> Work order:
Where the data below begins, start retyping exactly, and end on the line with "Pump style shoes", which is included; no picture goes in.

> Data:
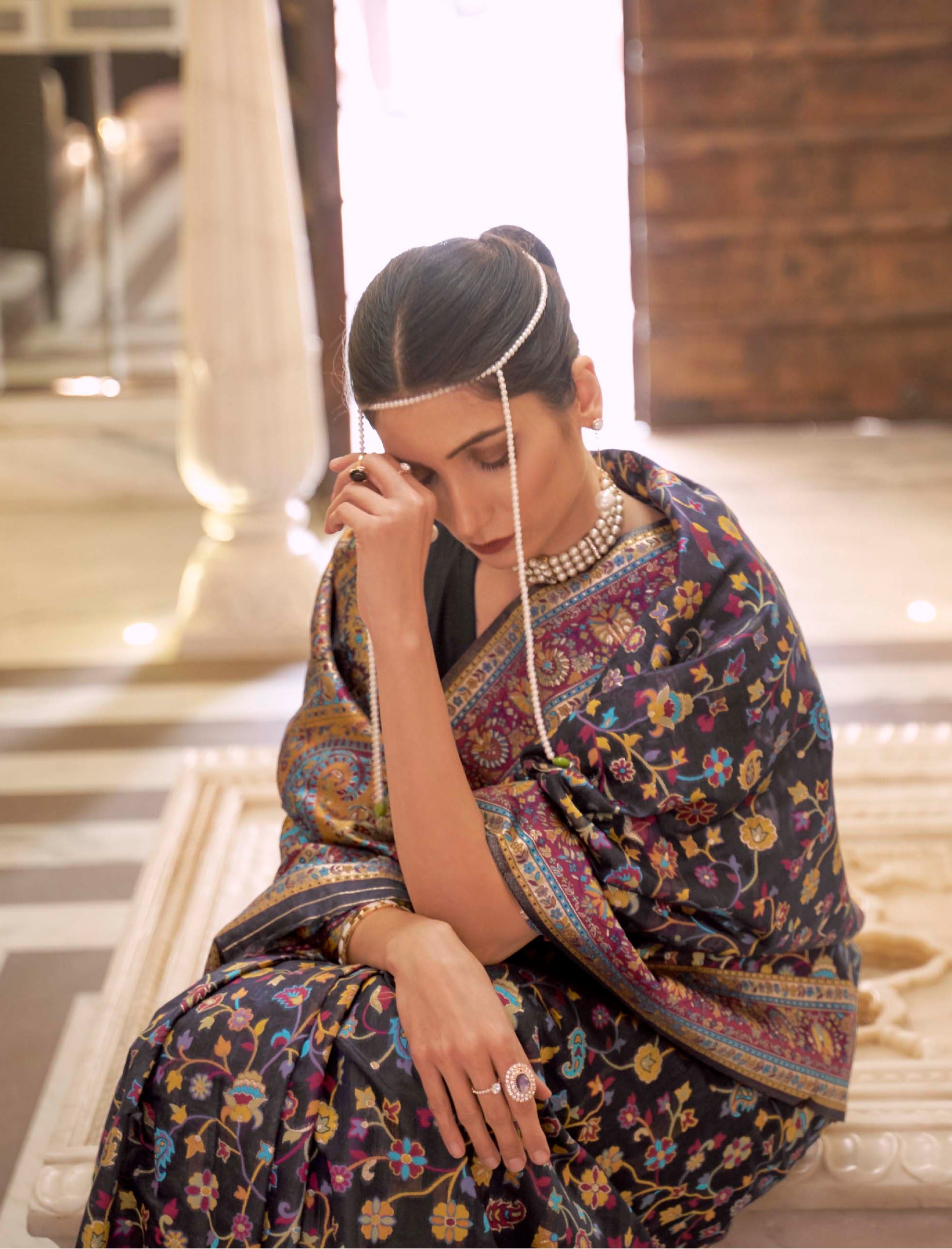 Elevate your ethnic wardrobe with the Elegant Grey Banarasi Jamawar Woven Silk Saree, a stunning fusion of tradition and modern sophistication.
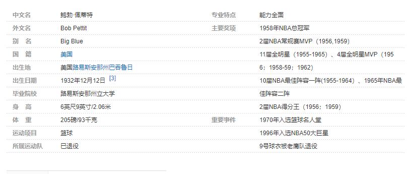 鲍勃·佩蒂特(Bob Pettit),1932年12月12日出生于美国路易斯安那州巴吞鲁日,前美国职业篮球运动员,司职大前锋/中锋。
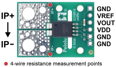 The carrier board also includes two optional connection points, marked in red in the picture above, for taking a 4-wire measurement of the IC current path resistance. This is to more conveniently evaluate that property of the chip and is not required for normal use of this product as a current sensor.
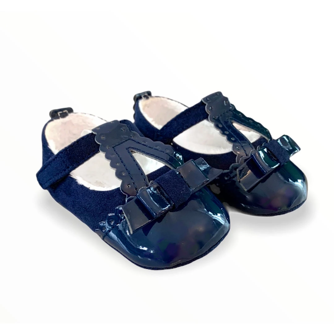 Pump style shoes for newborn girl aged 0 to 18 months – a timeless, classic style to go with elegant outfits. Decorative elements: bow applique. This item comes presented in a box from the Newborn collection, ideal to be given as a gift on special occasions
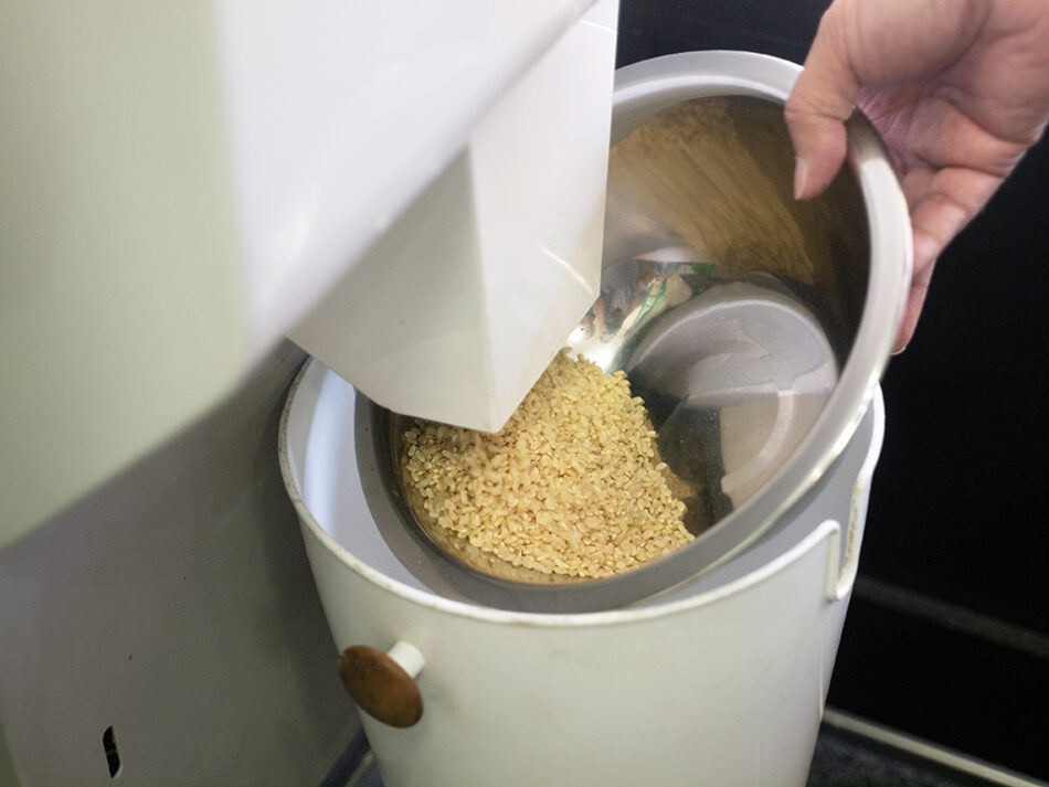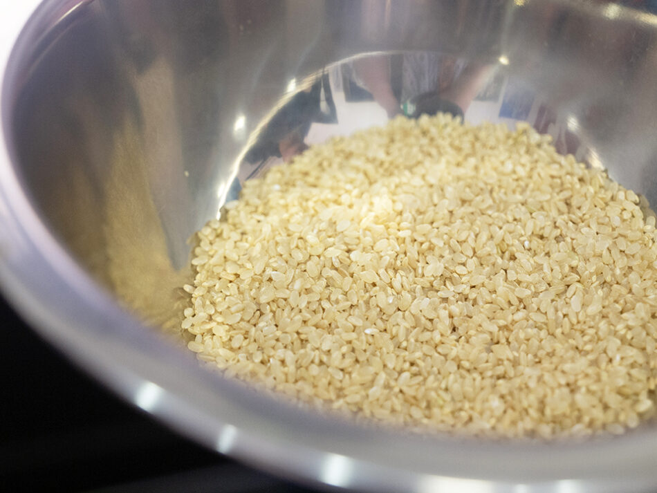玄米は浸水時間が長く、栄養価が高いことはわかっていても玄米食に切り替えるのはちょっとハードルが高いイメージがあります。「全く精米をしない状態の玄米は水を吸収しにくいので、一晩浸水させるなど確かにかなりの時間を要します。そこでおすすめしているのが三分搗き精米です。お米の表面に傷がつくことで水が入りやすくなって、白米とほぼ同じ時間で浸水できるんです。三分搗きであれば、胚芽や糠もできるだけ損なわず、玄米の栄養価も摂ることができますよ」。
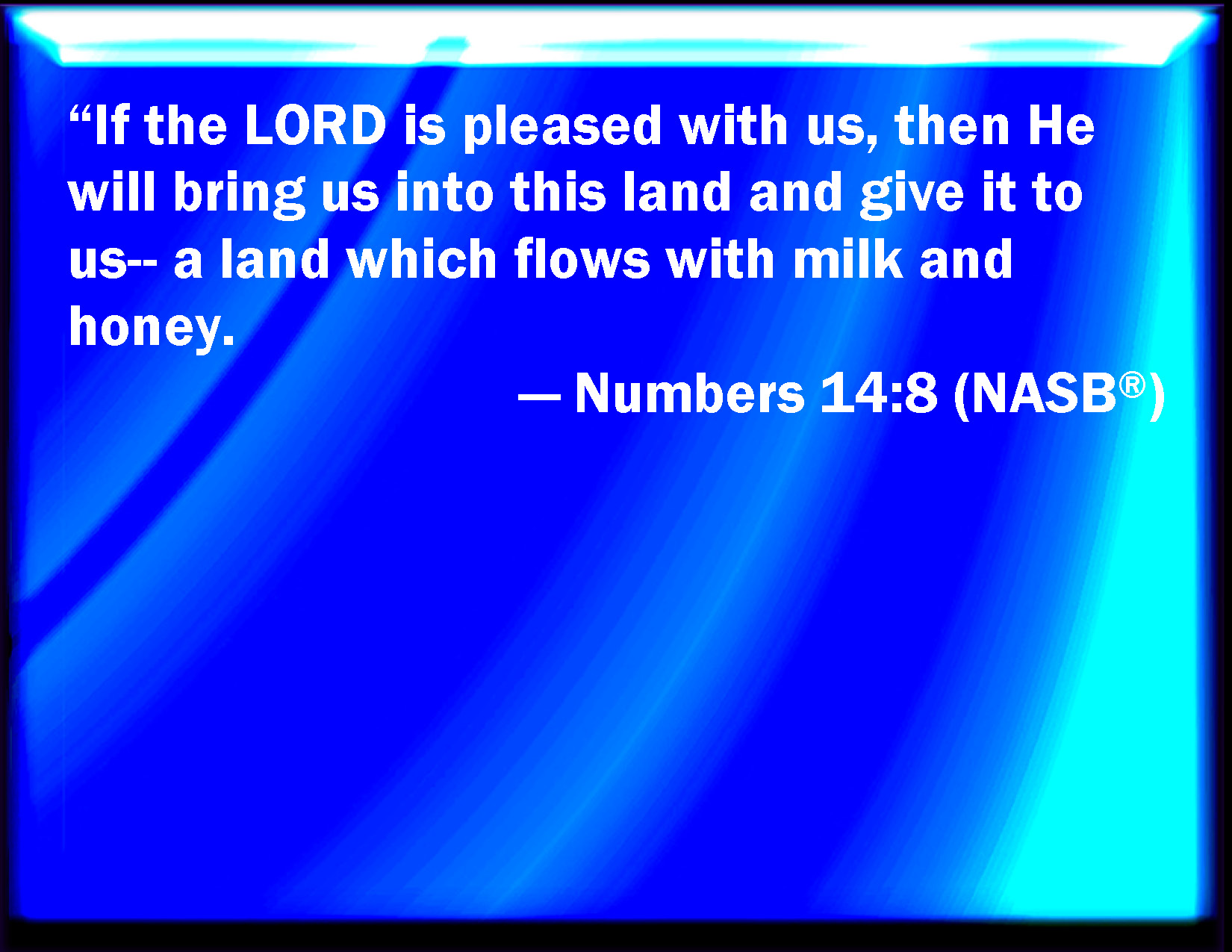 Bible Verse Slide Numbers 14:8 If the LORD delight in us, then he will bring us into this land, and give it us; a land which flows with milk and honey. KJV: If the LORD delight in us, then he will bring us into this land, and give it us; a land which floweth with milk and honey. DRB: If the Lord be favourable, he will bring us into it, and give us a land flowing with milk and honey. DBT: If Jehovah delight in us, he will bring us into this land, and give it us, a land that flows with milk and honey; ERV: If the LORD delight in us, then he will bring us into this land, and give it unto us; a land which floweth with milk and honey. WBT: If the LORD delighteth in us, then he will bring us into this land, and give it to us; a land which floweth with milk and honey. WEB: If Yahweh delights in us, then he will bring us into this land, and give it to us; a land which flows with milk and honey. YLT: if Jehovah hath delighted in us, then He hath brought us in unto this land, and hath given it to us, a land which is flowing with milk and honey;Links Numbers 14:8 NIV • Numbers 14:8 NLT • Numbers 14:8 ESV • Numbers 14:8 NASB • Numbers 14:8 KJV • Numbers 14:8 Interlinear • Numbers 14:8 Commentaries • Numbers 14:8 Parallel Texts • Numbers 14:8 Bible Apps • Numbers 14:8 Parallel • Bible Hub |
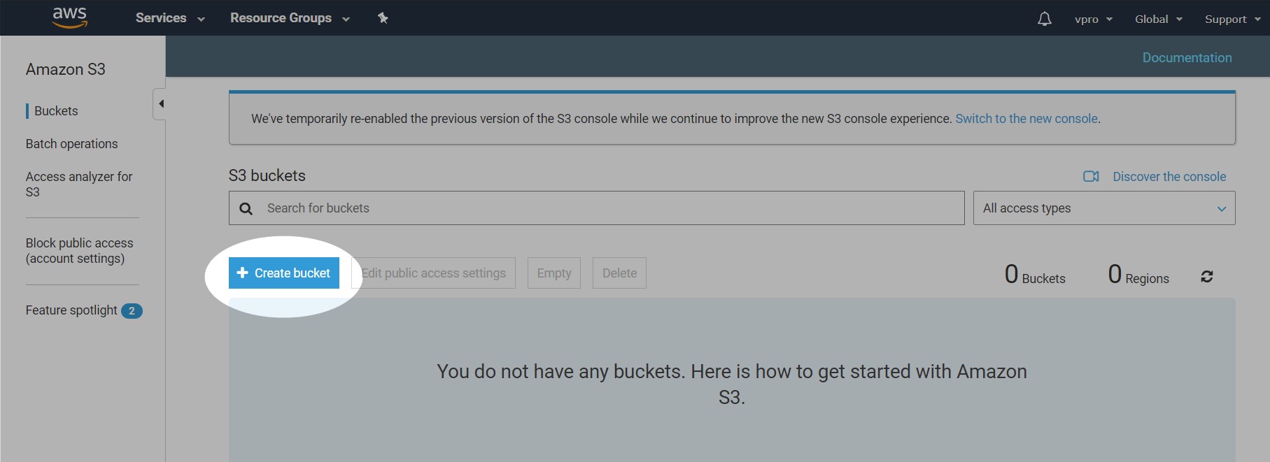 Now create a new bucket for your backups:
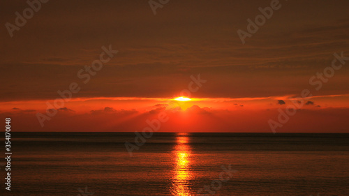 © Ирина Фроликова, Naklejka premium rich red sea sunset with light reflection in the water
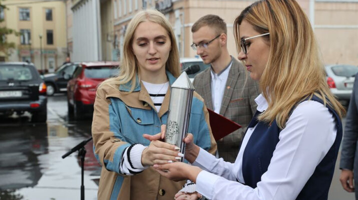 ГОМЕЛЬСКАЯ МОЛОДЕЖЬ ПЕРЕДАЛА В КОРМУ КАПСУЛУ С ЗЕМЛЕЙ ИЗ МЕСТ БОЕВОЙ СЛАВЫ

> Answer space:
 Elevate your ethnic wardrobe with the Elegant Grey Banarasi Jamawar Woven Silk Saree, a stunning fusion of tradition and modern sophistication.
 鲍勃·佩蒂特(Bob Pettit),1932年12月12日出生于美国路易斯安那州巴吞鲁日,前美国职业篮球运动员,司职大前锋/中锋。
 The carrier board also includes two optional connection points, marked in red in the picture above, for taking a 4-wire measurement of the IC current path resistance. This is to more conveniently evaluate that property of the chip and is not required for normal use of this product as a current sensor.
 Pump style shoes for newborn girl aged 0 to 18 months – a timeless, classic style to go with elegant outfits. Decorative elements: bow applique. This item comes presented in a box from the Newborn collection, ideal to be given as a gift on special occasions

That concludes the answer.